Шрифт:
Мюрей без конца снимал ее. Разноцветные наряды Фриды, казалось, были созданы для такого фотографа, как Ник, ведь он одним из первых начал работать с цветной пленкой. Он был без ума от своей возлюбленной и старался запечатлеть ее экзотичную внешность, которая вскоре станет известна всему миру. Однажды они забрались на крышу небоскреба, и Ник снял ее сидящей на стуле в голубой юбке и желто-красной тунике уипиль. В косы Фрида вплела синие шелковые ленты, в руке держала сигарету без фильтра, а взгляд художницы был задумчивым, почти отсутствующим. Фотографии Ника имели успех. Он продал снимки журналу «Вог» и газете «Нью-Йорк таймс».
— Теперь ты уйдешь от Диего? — бормотал он ей на ухо.
— Да, — отвечала Фрида, не желая ранить его чувства, но иногда и сама не была уверена, что говорит не всерьез. Иногда любовники даже строили планы на будущее, хотя бы на ближайшие несколько месяцев.

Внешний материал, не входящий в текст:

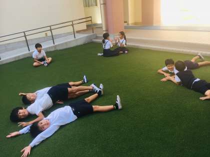 始業前の児童の様子です。のびのび広場でリラックスして過ごしています。

Говорили даже о том, что Мюрей поедет с ней в Париж, если Андре Бретон все-таки решит организовать выставку работ Фриды. Но ей совсем не хотелось думать о делах: она стремилась в полной мере наслаждаться счастьем.
Одновременно художница вовсю флиртовала с Жюльеном. Тот тоже хотел ее поснимать, и Фрида согласилась. Ей было интересно, какой он увидит ее в фотообъективе. Если Ник снимал Фриду как богиню или королеву, тщательно продумывая все детали, Леви предпочитал повседневные ситуации.
— Распусти волосы, — попросил он однажды.
Не сводя с него глаз, Фрида начала снимать одежду. Вскоре она уже стояла перед ним с обнаженной грудью. Тогда она принялась медленно вытаскивать из прически одну шпильку за другой, и спустя несколько минут длинные, до талии, волосы рассыпались по спине. Позади Жюльена висело зеркало, и она могла видеть свое отражение: красивое серьезное лицо с полными губами и темными глазами, которые, казалось, хотели поглотить Жюльена. Ниже начиналось идеальное тело с маленькой грудью. Фрида видела ту часть себя, которая оставалась прекрасной. Уродливые шрамы от операции и иссохшая нога не попадали в поле зрения, и Фрида о них почти забыла.
Когда Жюльен оторвался от камеры, она увидела, что его взгляд изменился. Тогда она медленно подошла к нему и обняла.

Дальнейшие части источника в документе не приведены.